One of the most attractive features of Aki Kaurismäki’s films is their setting: the Finnish director has a talent for creating warm, vivid atmospheres from places that one would usually consider drab and uninspiring. He has done this many times in Helsinki (notably in The Man With No Past), but Le Havre, with its post-industrial waterfront, was an ideal candidate.
The story centres on Marcel Marx (André Wilms), an ageing man living modestly on his job as a shoe-shiner, whose life is disturbed suddenly by two momentous events: his wife Arletty’s (Kati Outinen) sudden illness and departure to the hospital, and his encounter with a young illegal immigrant from Mali (Blondin Miguel) who is fleeing the police.

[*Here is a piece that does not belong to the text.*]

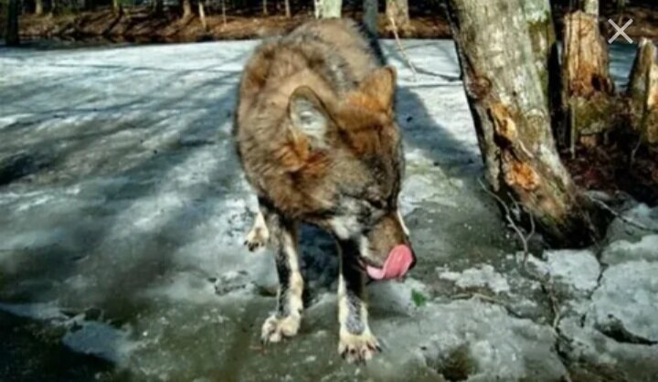 А произошла эта история вечером, я со своей сестрой катался на велосипеде, было часов шесть вечера, но еще светло. Вдруг смотрю, сестренка оторопела и смотрит в противоположную сторону. Я оборачиваюсь – волк в метрах двухстах. Я сразу в панику, но вспомнил, о чём старшие наставляли, быстро сестру за руку взял и к деревьям пошел, благо рядом большой старинный дуб был, а на нем дощечки прибиты в виде лестницы. На этом дубе раньше кто-то пытался построить дом на ветвях, но так и не достроили его, и остались только пару досок, которые должны были быть полом этого строения. Мы на них и расположились. Сидим, ждем, пока волк убежит. А он ведь не бежит. Медленно так, не торопясь, идет в сторону дуба, не сворачивает. А я смотрю на него и понимаю что он какой-то не такой, благо волков там навидался, большинство только мертвые были, но, в принципе, представлял себе, что такое волк – большой, лохматый, желтые глаза. А этот был совсем другой, вот только я не мог понять, что в нем не так. Подходит, значит, этот волк к нашему велосипеду и давай грызть покрышки. Сначала первую, затем вторую. Перегрыз, подошел к дереву, поставил передние лапы на ствол дерева и на нас смотрит. Тут то я и понял, что с ним не так. На спине горб огромный, и глаза – не желтые, а красные, вот только не зрачки, а полностью весь глаз красный, как кровь. Вот тогда то мне на самом деле страшно стало, по телу дрожь. Сестра тоже как увидела, сразу разревелась. А волк стоит и не отходит, сел возле велосипеда и мне в глаза смотрит. Сестра все ревет и ревет, я у неё спрашиваю, мол, чего ты так разревелась, а она только сильнее плачет и маму зовет. Докричатся не до кого, до ближайшего дома, где-то километра с пол, и посадка между нами.

On a superficial level everything is straightforward: the story, the dialogue, the character’s actions and their motivations – yet this apparent simplicity only serves to bring out the film’s depth of vision. The dialogue appears artificial: the actors, especially the excellent André Wilms, speak few words and slowly enunciate each of them. However, what they say is always pregnant with meaning – and often, as if unintentionally, very funny.
Similarly, there are few moral dilemmas: it is always taken for granted that Marx and his neighbours will help the boy evade arrest, yet in our society this attitude of simple, straightforward generosity is not a given. The city comes alive through the characters, and so Kaurismäki’s Le Havre, from a grey, modern port, acquires a kind of universality: the film could equally be set today or in the 1970s and the characters embody certain attitudes which have relevance far beyond the film’s apparent spatiotemporal context.